Your goal: Could you write out every record below exactly, leaving the pictures out?

[Collected data entries]
= = = = = = =

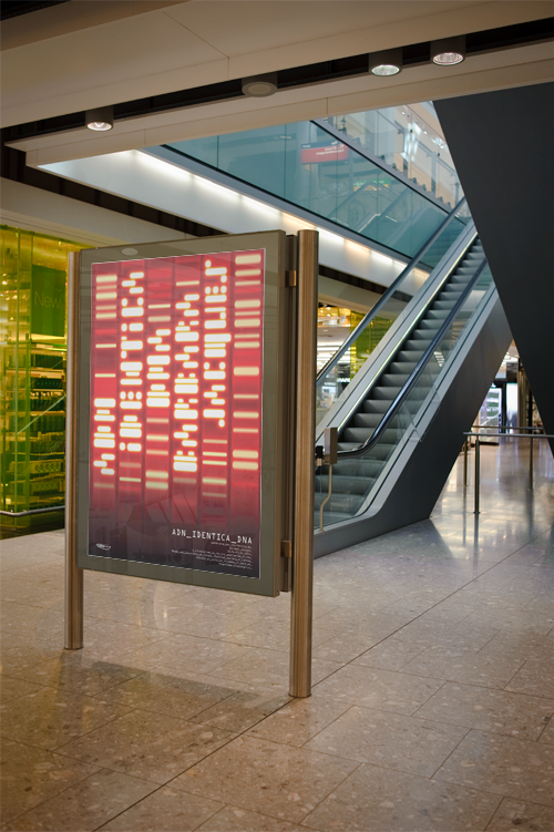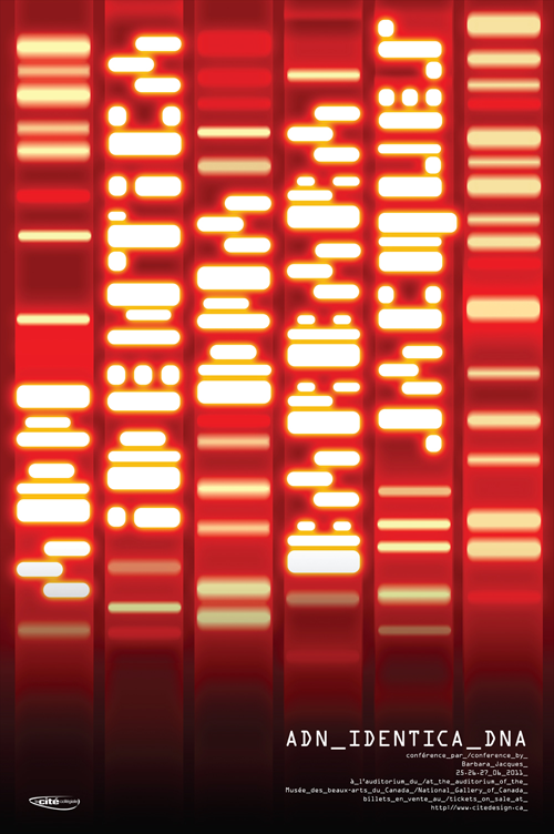 L’objectif derrière ce projet était de créer une affiche typographique qui faisait la promotion d’une conférence sur le design animée par un/une designer d’une entreprise reconnue au niveau local ou international. Dany a choisi la compagnie montréalaise Identica (Cossette Communications) et sa directrice à la création Barbara Jacques. Pour faire le lien avec Identica, une séquence d’ADN a été choisie pour représenter l’identité, puis les lettres de ADN IDENTICA DNA BARBARA JACQUES ont été introduites à la verticale parmi les barres horizontales afin de créer une typographie expérimentale.
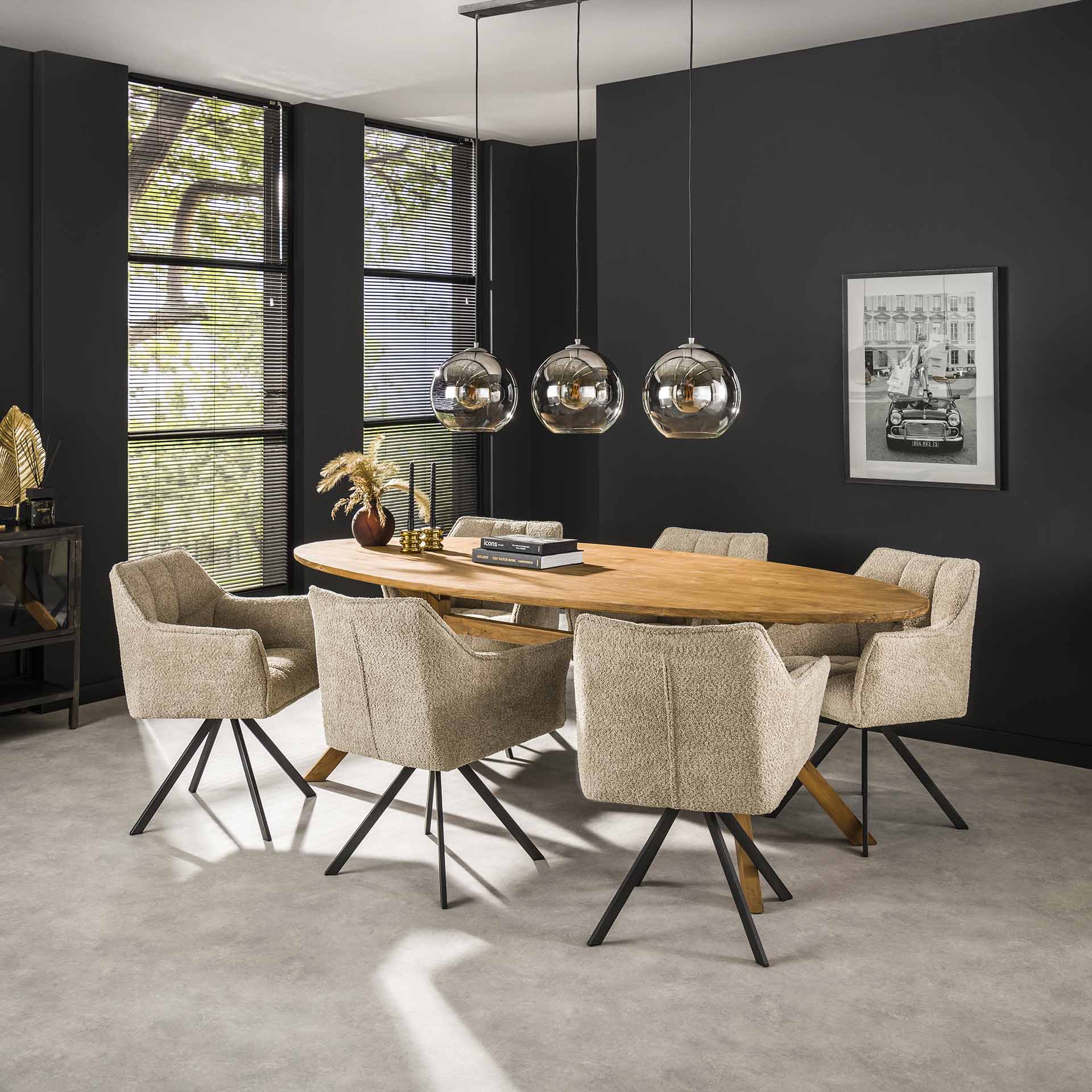 Deze set van 2 eetkamerstoelen Lino in bouclé stof biedt een sfeervolle en comfortabele zitoplossing voor moderne interieurs. De warme zandkleur en de zachte bouclé-vezel geven een luxe, uitnodigende uitstraling, terwijl het draaibare onderstel gebruiksgemak toevoegt tijdens het zitten en opstaan. Ideaal voor eetkamers, open keukens en werkplekken waar comfort en uitstraling hand in hand gaan.
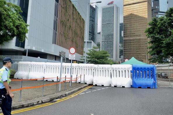 立法會明日亦會召開內會和財委會會議,今早所見警方已擴大政府總部及立法會大樓的封鎖範圍,架設大型水馬,示威區對出的立法會道亦被封鎖。
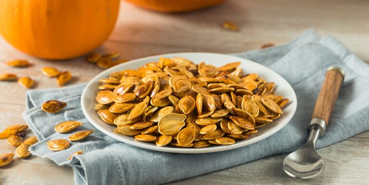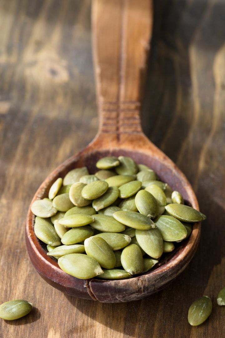 かぼちゃの種(ペピータとも呼ばれる)は100gにつき530mgのマグネシウムを含む。ヨーグルトやシリアルに振りかけたり、午後の軽食として食べれば、植物性食物繊維とたんぱく質の摂取量アップに役立つ。
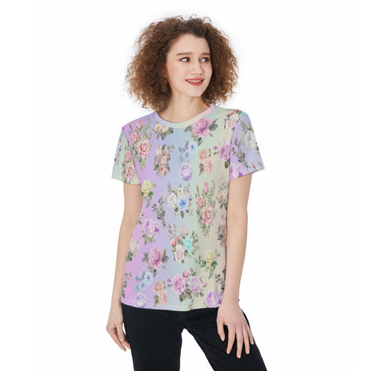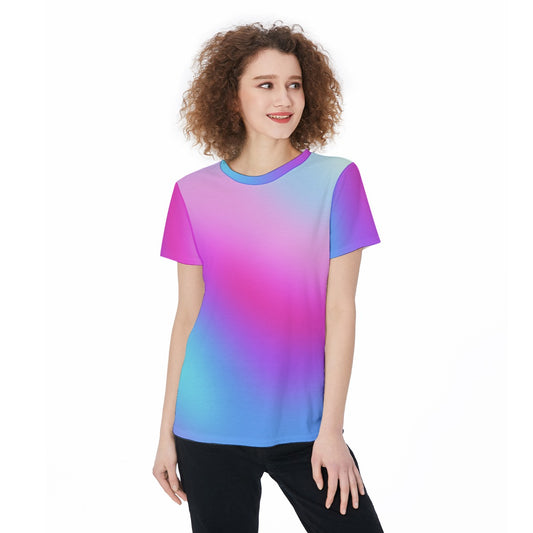 Stylish Women's Rainbow Gradient T-Shirt - Colorful All-Over Print Jersey Top, Demand Tees, Personalized Shirt, Custom Tee, Gift For He
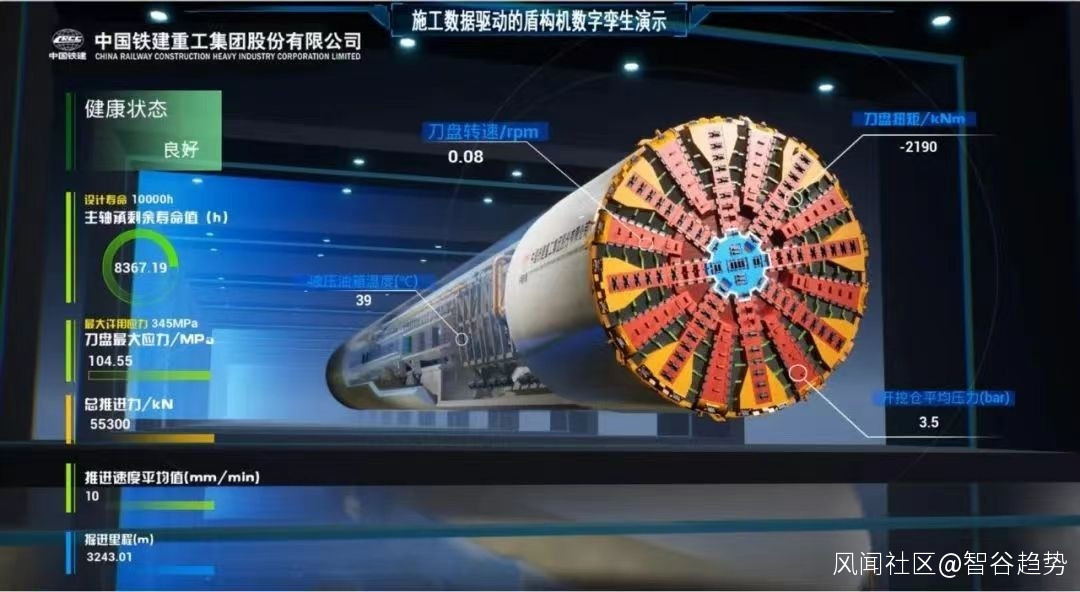 原來,在施工過程當中,鐵建重工的“數字孿生技術”不僅可以收集數據、實時回傳,讓研發人員利用這些數據,優化下一代產品設計。還能根據各項數據,進行分析、預警,甚至自主決策,讓盾構機的運行變得更加安全、智能、高效。
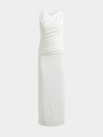 Our Draped Column Dress is stylish and flattering. The detail and classic column fit make it a versatile addition to your collection. Wear it to the office with chic flats, or dress it up with heels and a blazer.
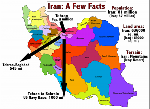 4. Iran’s land mass is also 3.5 times bigger than Iraq, with lots of mountains; (Iraq is mostly desert)
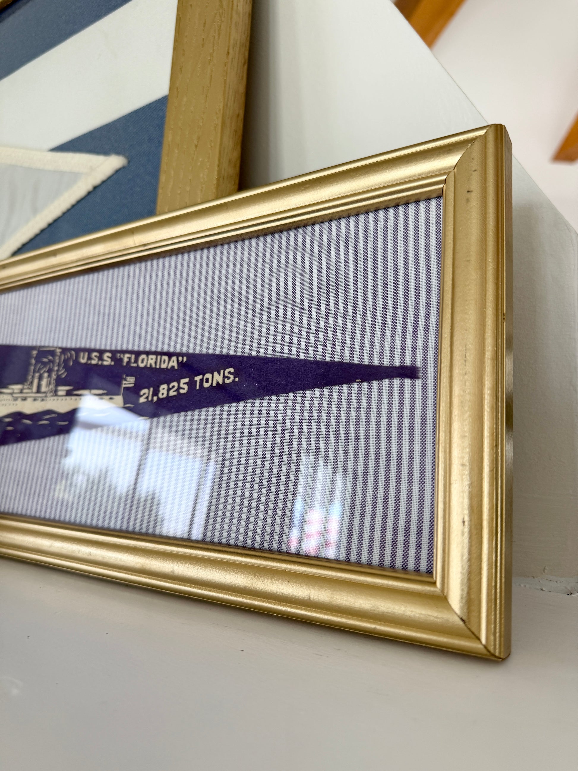Early 20th Century U.S.S. Florida Naval Ship Wool Pennant on Lavender Ticking Stripes in Gold Frame
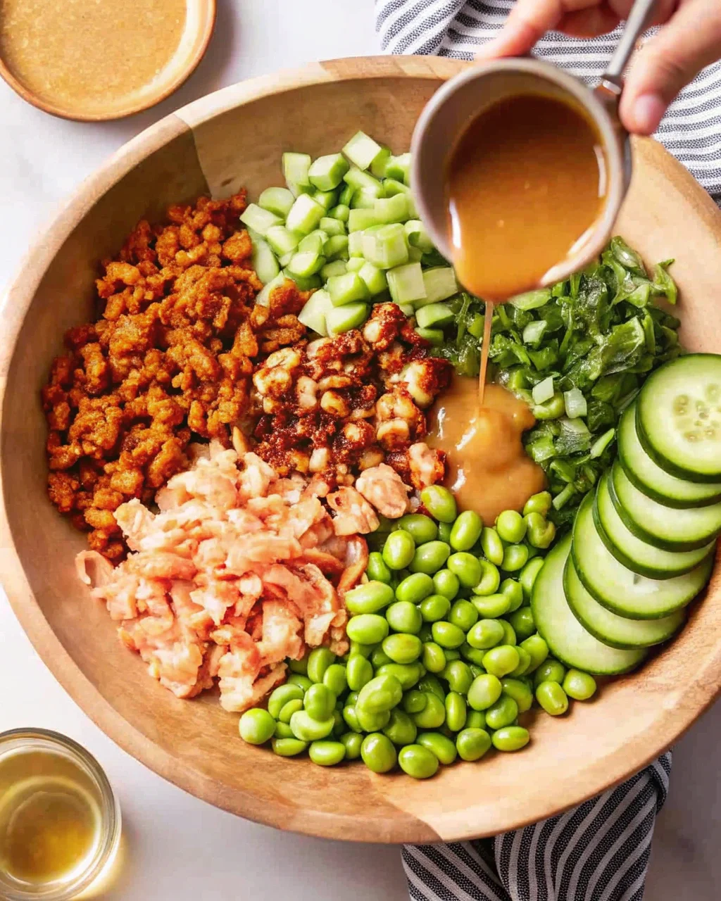 - In a large bowl, combine sliced cucumbers, edamame, green onions, avocado, crispy rice, and shredded salmon.

= = = = = = =

Solution to this task:
 L’objectif derrière ce projet était de créer une affiche typographique qui faisait la promotion d’une conférence sur le design animée par un/une designer d’une entreprise reconnue au niveau local ou international. Dany a choisi la compagnie montréalaise Identica (Cossette Communications) et sa directrice à la création Barbara Jacques. Pour faire le lien avec Identica, une séquence d’ADN a été choisie pour représenter l’identité, puis les lettres de ADN IDENTICA DNA BARBARA JACQUES ont été introduites à la verticale parmi les barres horizontales afin de créer une typographie expérimentale.
 Deze set van 2 eetkamerstoelen Lino in bouclé stof biedt een sfeervolle en comfortabele zitoplossing voor moderne interieurs. De warme zandkleur en de zachte bouclé-vezel geven een luxe, uitnodigende uitstraling, terwijl het draaibare onderstel gebruiksgemak toevoegt tijdens het zitten en opstaan. Ideaal voor eetkamers, open keukens en werkplekken waar comfort en uitstraling hand in hand gaan.
 立法會明日亦會召開內會和財委會會議,今早所見警方已擴大政府總部及立法會大樓的封鎖範圍,架設大型水馬,示威區對出的立法會道亦被封鎖。
 かぼちゃの種(ペピータとも呼ばれる)は100gにつき530mgのマグネシウムを含む。ヨーグルトやシリアルに振りかけたり、午後の軽食として食べれば、植物性食物繊維とたんぱく質の摂取量アップに役立つ。
 Stylish Women's Rainbow Gradient T-Shirt - Colorful All-Over Print Jersey Top, Demand Tees, Personalized Shirt, Custom Tee, Gift For He
 原來,在施工過程當中,鐵建重工的“數字孿生技術”不僅可以收集數據、實時回傳,讓研發人員利用這些數據,優化下一代產品設計。還能根據各項數據,進行分析、預警,甚至自主決策,讓盾構機的運行變得更加安全、智能、高效。
 Our Draped Column Dress is stylish and flattering. The detail and classic column fit make it a versatile addition to your collection. Wear it to the office with chic flats, or dress it up with heels and a blazer.
 4. Iran’s land mass is also 3.5 times bigger than Iraq, with lots of mountains; (Iraq is mostly desert)
Early 20th Century U.S.S. Florida Naval Ship Wool Pennant on Lavender Ticking Stripes in Gold Frame
 - In a large bowl, combine sliced cucumbers, edamame, green onions, avocado, crispy rice, and shredded salmon.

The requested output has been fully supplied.